A quel punto intervenne il padre e, con voce ferma e minacciosa, disse «Immanuel, hai deciso di gettar via la tua carriera accademica, quella stessa che io e tua madre, con tanti sacrifici, ti abbiamo permesso di seguire. Ora ti appelli a scuse meschine, insultando la tua e la nostra intelligenza; non hai più rispetto di niente e di nessuno. Non sei più un uomo ai miei occhi».
Poi, essendo egli un ben conosciuto sellaio, non ebbe difficoltà a trovare un lungo laccio di cuoio e ne fece lungo uso sul figlio.
Gli studiosi moderni non sanno ancora dire se, alla fine di quella infelice scena, molte ore dopo, fosse più conciato il cuoio o il didietro di Kant stesso.

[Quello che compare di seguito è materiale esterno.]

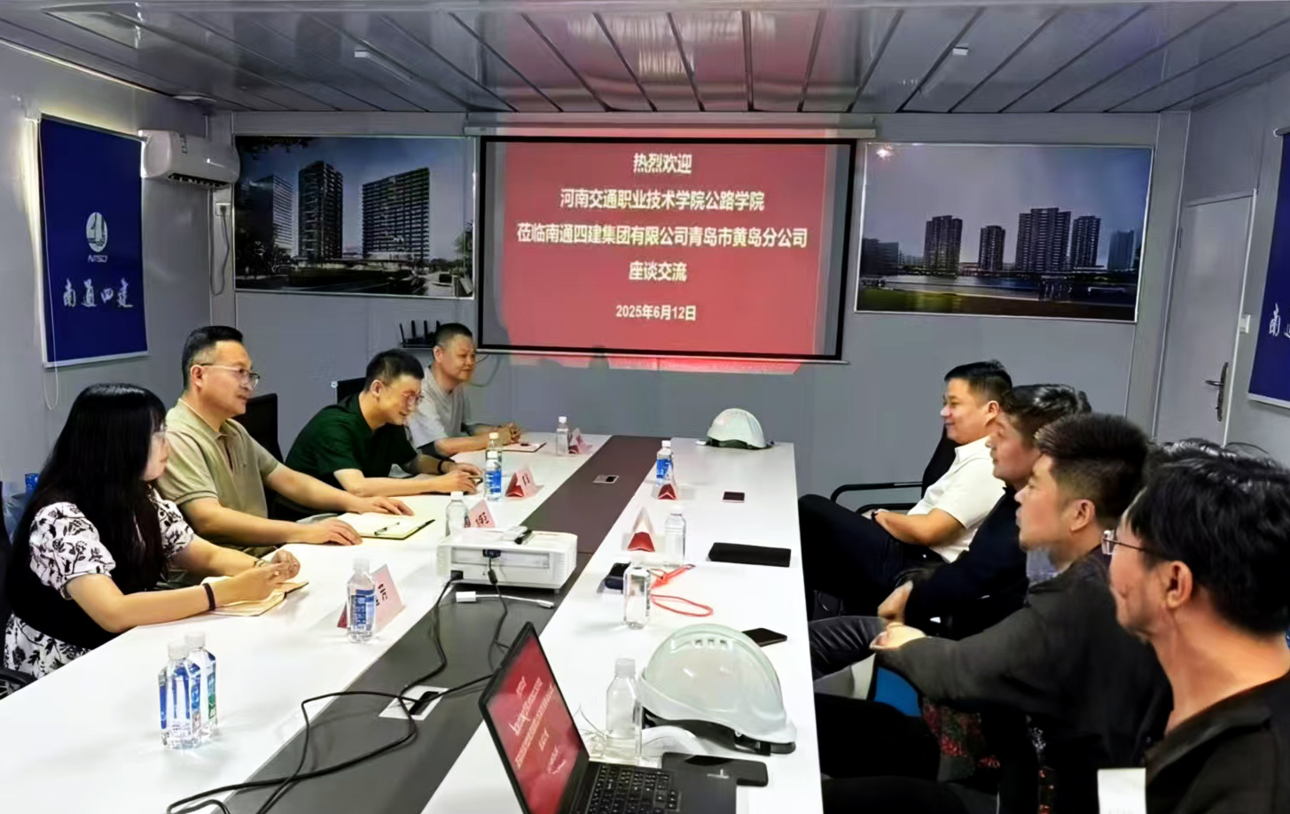 6月12日,招生就业处处长郭强、公路学院党总支书记刘甲玉一行4人前往南通四建集团有限公司青岛市黄岛分公司(以下简称“南通四建”)开展访企拓岗活动。南通四建项目部负责人、学校优秀毕业生曹磊、贠晓亮等参加相关活动。

Va detto che il filosofo tedesco si laureò ugualmente, ripetendo l’esame con un altro professore che, dopo averlo interrogato in una prova orale, gli diede trenta e lode, complimentandosi per la conoscenza approfondita della materia.
Qualche anno più tardi divenne anch’egli docente universitario e cominciò a insegnare. Quando dovette preparare il testo dell’esame, il primo quesito recitava così:
Quesito uno di undici: Si descriva la storia del pensiero occidentale, prestando particolare attenzione agli aspetti storici e sociali intercorsi tra l’invenzione della scrittura e il secondo Illuminismo. Si giustifichi la risposta con opportune citazioni dalle principali opere scritte in questo periodo, con relativo commento ed analisi linguistica. Si esponga poi come quanto detto possa essere inscritto in un ragionamento più ampio, che consideri anche la filosofia scolastica, la storia delle religioni in generale e le metafisiche orientali, supportando il discorso con valide argomentazioni. Massimo dieci righe.
Tempo a disposizione: trenta minuti.
Non intendo ora esprimermi circa la morale di ciò che è stato qui riportato; eppure lasciate che vi chieda: quale insegnamento ritenete si possa trarre da tutto ciò?
Si scriva un significante elaborato di massimo tre parole.